The government sees a huge wave of data heading for it, as well as opportunities with new technology such as big data, cloud, and mobile. However, there doesn’t seem to be an overall plan to surf this wave. According to the report, if they do wade into the big data wave, they are likely to face much larger risks.
The answer to this problem is really rather simple. As the government moves to take advantage of the rising tide of data, as well as new technologies, they need to be funded to get the infrastructure and the technology they need to be successful. The use of data integration approaches and technologies, for example, will return the investment ten-fold, if properly introduced into the government problem domains. This includes integration with big data systems, mobile devices, and, of course, the rising use of cloud-based platforms.
While data integration is not a magic bullet for the government, nor any other organization, the proper and planned use of this technology goes a long way toward reducing the inherent risks that the report identified. Lacking that plan, I don’t think the government will get very far, very fast.
Leo Eweani makes the case that the data tsunami is coming. “Businesses are scrambling to respond and spending accordingly. Demand for data analysts is up by 92%; 25% of IT budgets are spent on the data integration projects required to access the value locked up in this data “ore” – it certainly seems that enterprise is doing The Right Thing – but is it?”
Data is exploding within most enterprises. However, most enterprises have no clue how to manage this data effectively. While you would think that an investment in data integration would be an area of focus, many enterprises don’t have a great track record in making data integration work. “Scratch the surface, and it emerges that 83% of IT staff expect there to be no ROI at all on data integration projects and that they are notorious for being late, over-budget and incredibly risky.”
The core message from me is that enterprises need to ‘up their game’ when it comes to data integration. This recommendation is based upon the amount of data growth we’ve already experienced, and will experience in the near future. Indeed, a “data tsunami” is on the horizon, and most enterprises are ill prepared for it.
So, how do you get prepared? While many would say it’s all about buying anything and everything, when it comes to big data technology, the best approach is to splurge on planning. This means defining exactly what data assets are in place now, and will be in place in the future, and how they should or will be leveraged.
To face the forthcoming wave of data, certain planning aspects and questions about data integration rise to the top:
Performance, including data latency. Or, how quickly does the data need to flow from point or points A to point or points B? As the volume of data quickly rises, the data integration engines have got to keep up.
Data security and governance. Or, how will the data be protected both at-rest and in-flight, and how will the data be managed in terms of controls on use and change?
Abstraction, and removing data complexity. Or, how will the enterprise remap and re-purpose key enterprise data that may not currently exist in a well-defined and functional structure?
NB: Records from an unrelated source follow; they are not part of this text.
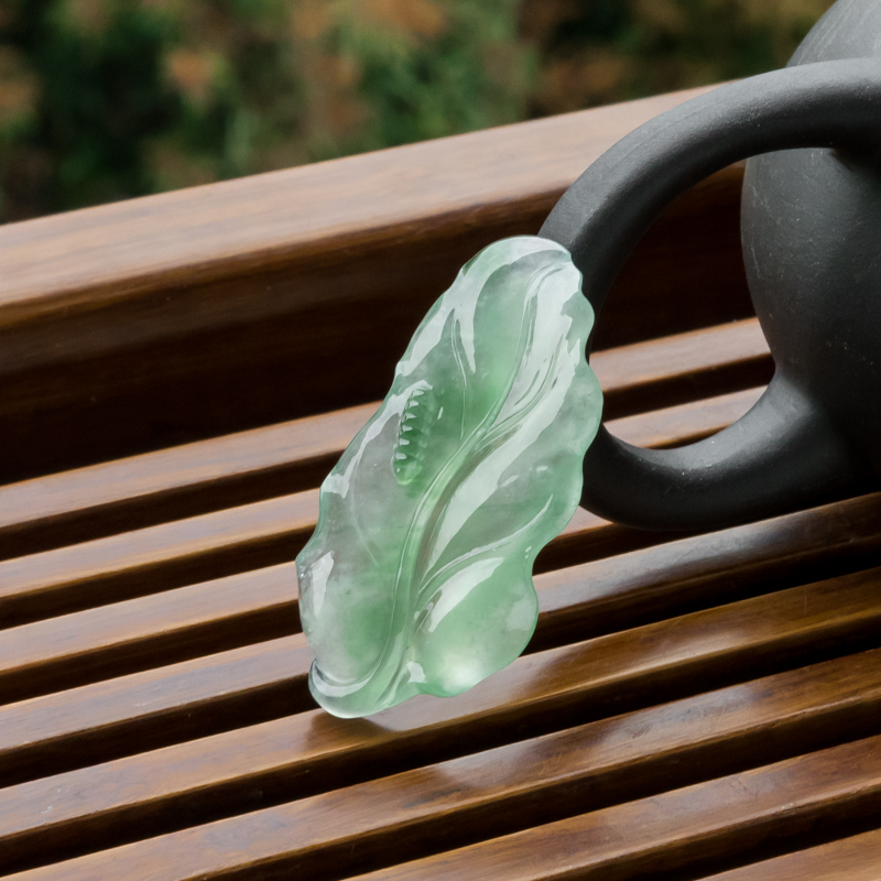 • 冰种飘翠翡翠金枝玉叶吊坠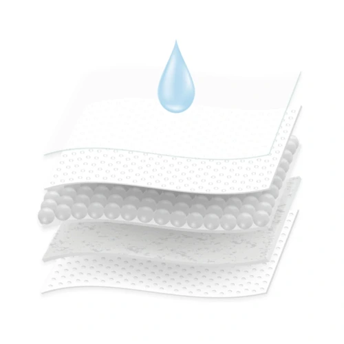Hogyan szív fel egy ultravékony betét nagy mennyiségû folyadékot? Kiváló nedvszívó képességének titka a Japánban készült szuperabszorbeáló polimerekből álló rétegben rejlik.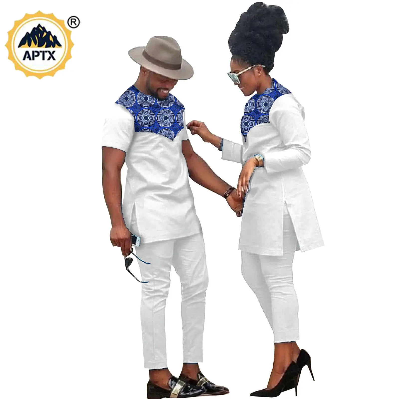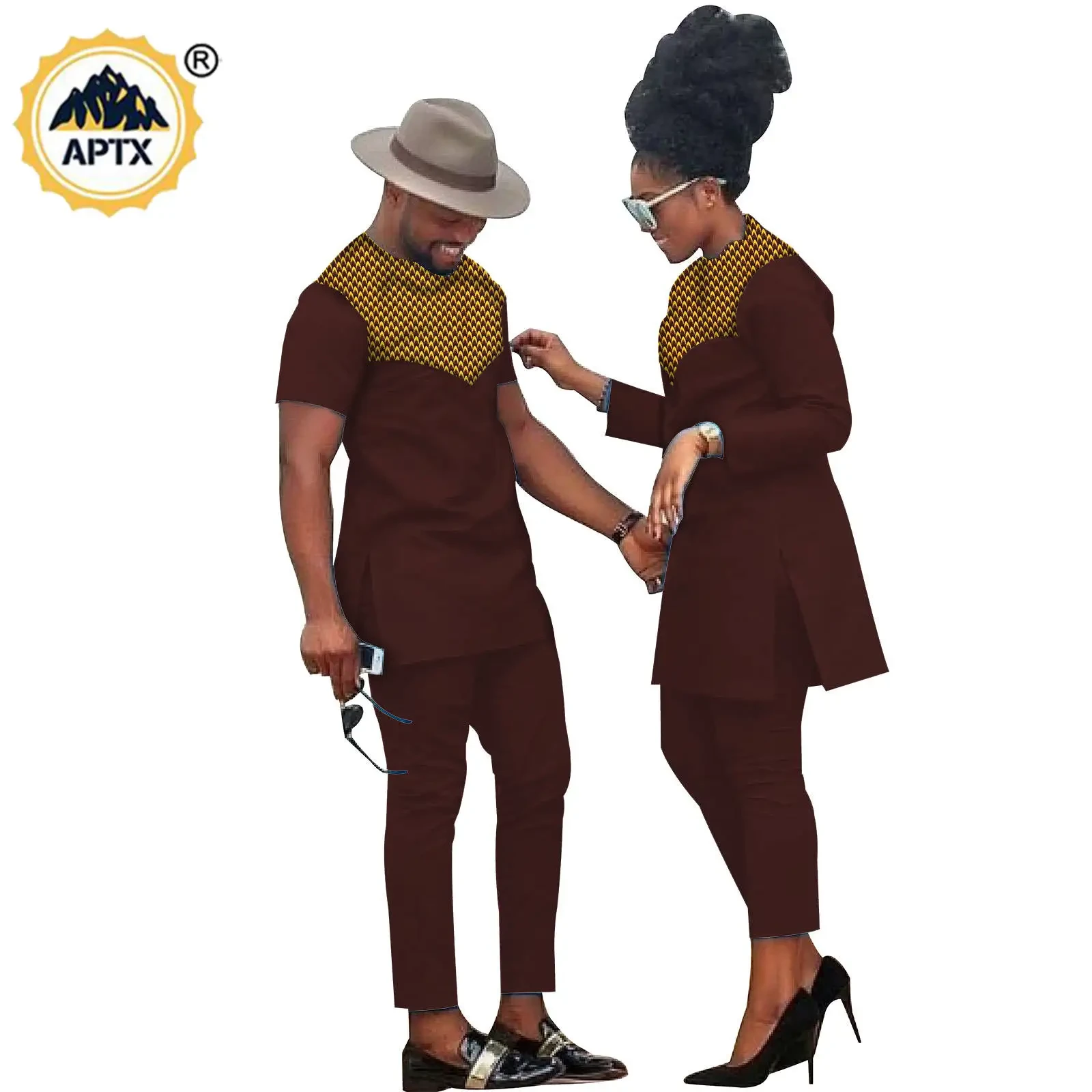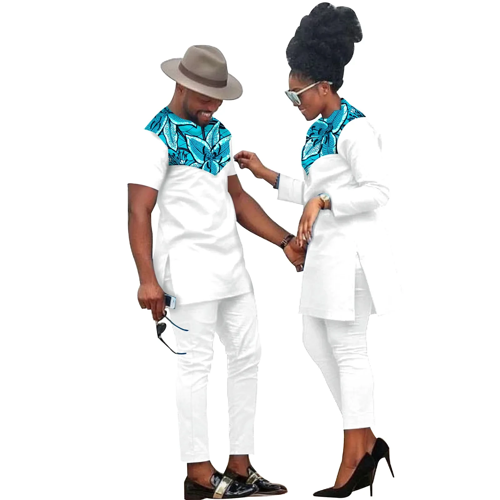 African Clothes for Couples Bazin Riche African Women Ankara Print Clothes Match Men Outfits Handmade Top and Pants Sets S20C001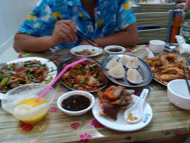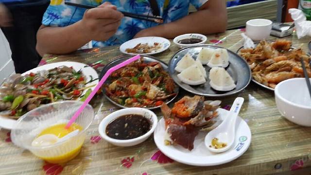 介绍下这顿饭吧:和乐蟹黄很多,是香辣炒的,基围虾是要的椒盐的,很酥脆。椰子饭是赠送的,浓浓的椰子香,芒果螺自然是辣炒的,哦?四角豆没有照上哦,四角豆很奇怪,不错吃多了海鲜可以清口,感觉和豆角有点像,不过比豆角脆。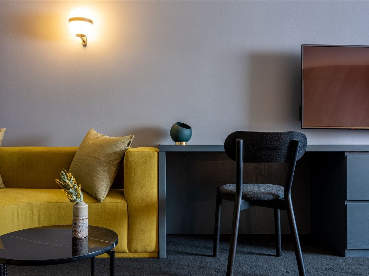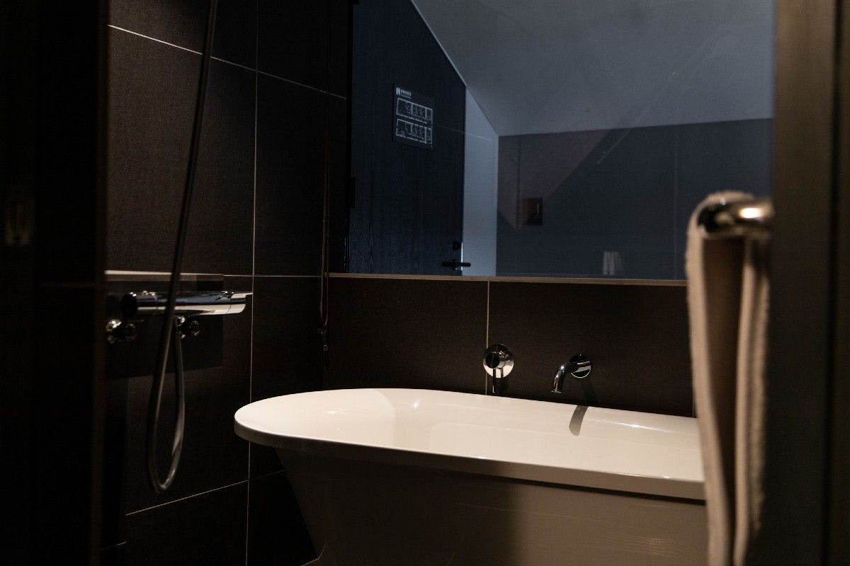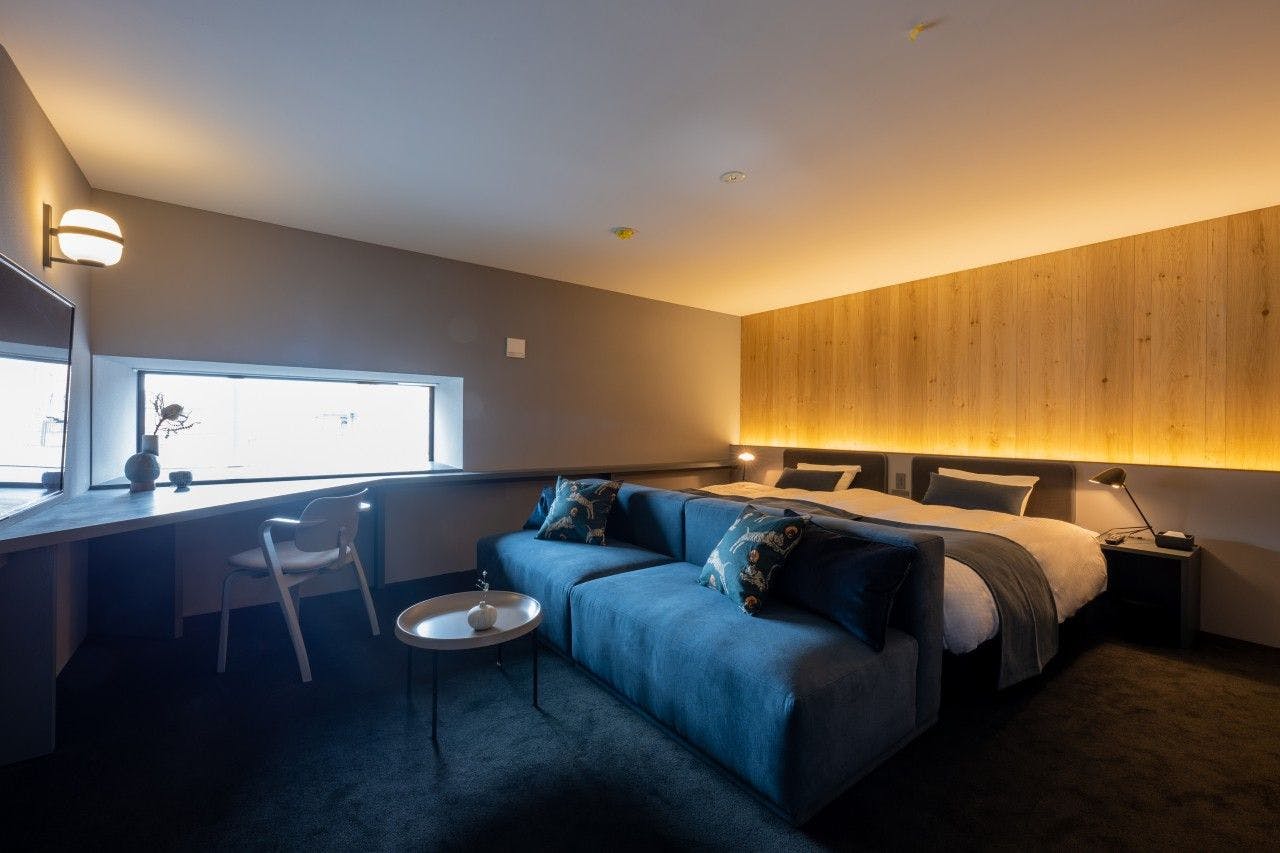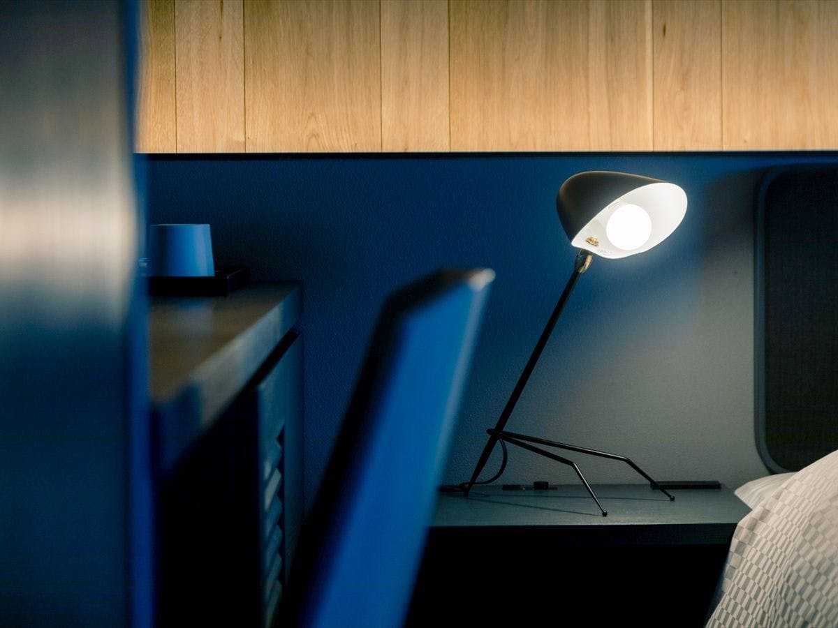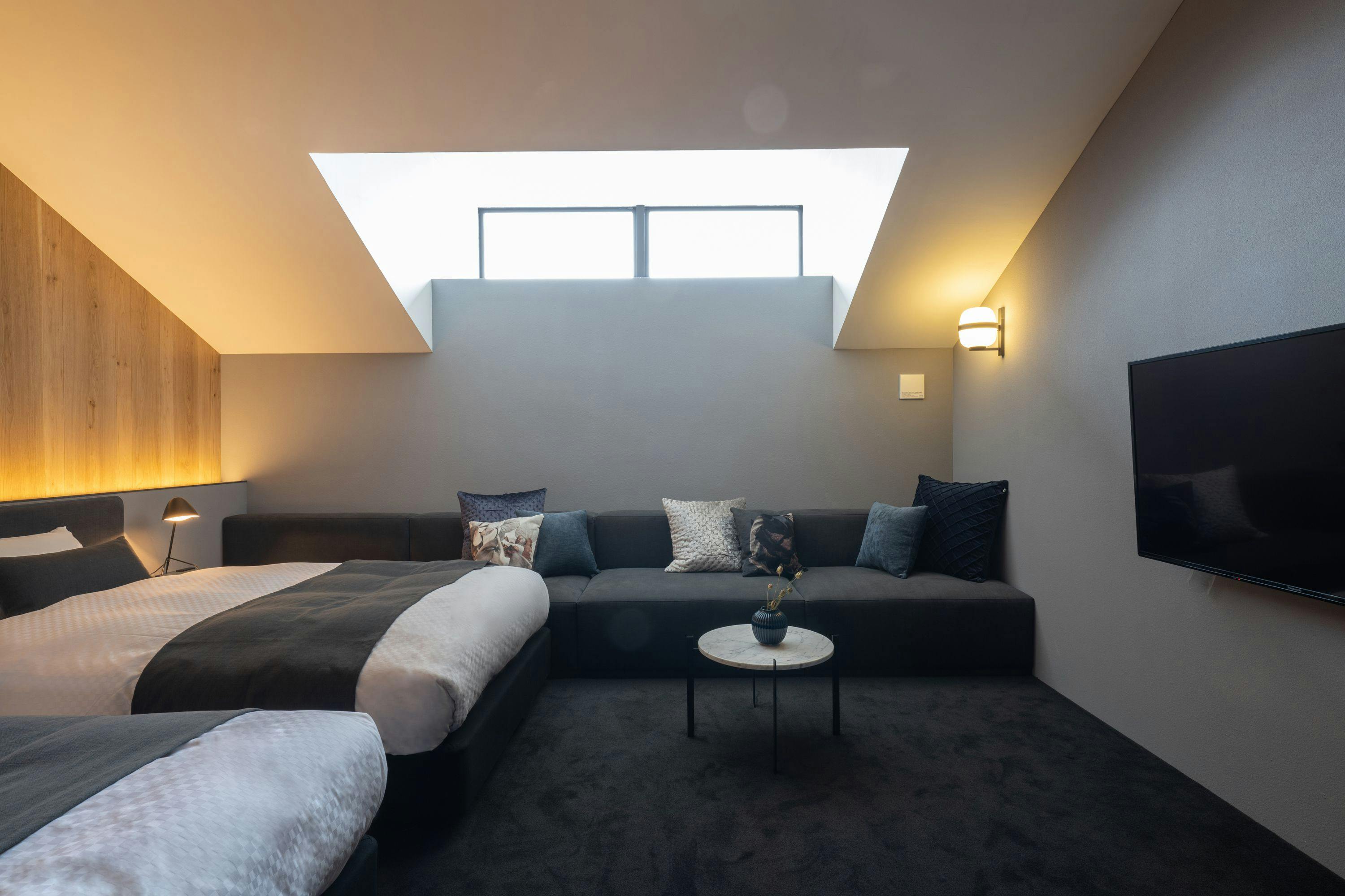 1~2名定員/約36平米/プライベートバス付きシンプルながら、デザイン性高いインテリアが随所に配され、空間の高級感を引き立てます。最低限の照明に抑え、疲れた心をほぐす心地よい眠りを導きます。

Integration with cloud-based data. Or, how will the enterprise link existing enterprise data assets with those that exist on remote cloud platforms?
While this may seem like a complex and risky process, think through the problems, leverage the right technology, and you can remove the risk and complexity. The enterprises that seem to fail at data integration do not follow that advice.
I suspect the explosion of data to be the biggest challenge enterprise IT will face in many years. While a few will take advantage of their data, most will struggle, at least initially. Which route will you take?